## Detuning in Coupled Oscillatory Circuits

We all know them: twins. Either they love and support each other or they are fighting to find out who is the best. The reason is that they are almost equal. In this problem we will find out why they behave as they do understanding coupled oscillatory circuits.

## Problem Statement

Two RLC-circuits are inductively coupled via an inductance $$L_{c}$$. Determine the currents in both circuits. Under which condition can the currents in both circuits become infinite? Find the corresponding frequencies $$\omega_{\pm}$$.

Determine the difference $$\omega_{+}-\omega_{-}$$ if the resonance frequencies of the single circuits are equal. Calculate this so-called detuning for sufficiently small mutual inductance.

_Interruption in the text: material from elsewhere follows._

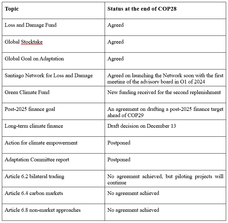 Attended by more than 97,000 participants, the 2023 United Nations Climate Change Conference (COP28) in Dubai came to an end on December 13, 2023. The two-week international climate summit produced numerous important outcomes. While some items on the agenda did not see final decisions, promising progress has been made on climate justice, energy transition, agricultural resilience, food security, and a wide range of other sectors closely associated with the 1.5ºC target set in the Paris Agreement (see Table 1). With historic consensus achieved on moving away from fossil fuels, the key challenge awaiting future climate actions will be in terms of the implementation of decision made in Dubai.

Verify that you find the same results using an eigenfrequency analysis assuming vanishing resistances.

## Hints

Start from the coupled differential equations for the circuits. Then switch to frequency space (phasor representation) and solve the algebraic system of equations.

You may need $$\sqrt{1-x}\approx1-x/2+\mathcal{O}\left(x^{2}\right)$$ and $$1/\sqrt{1-x^{2}}\approx1+x^{2}/2$$.

For the eigenfrequency analysis short the voltage supply and find an equation for $$\omega$$, the characteristic equation.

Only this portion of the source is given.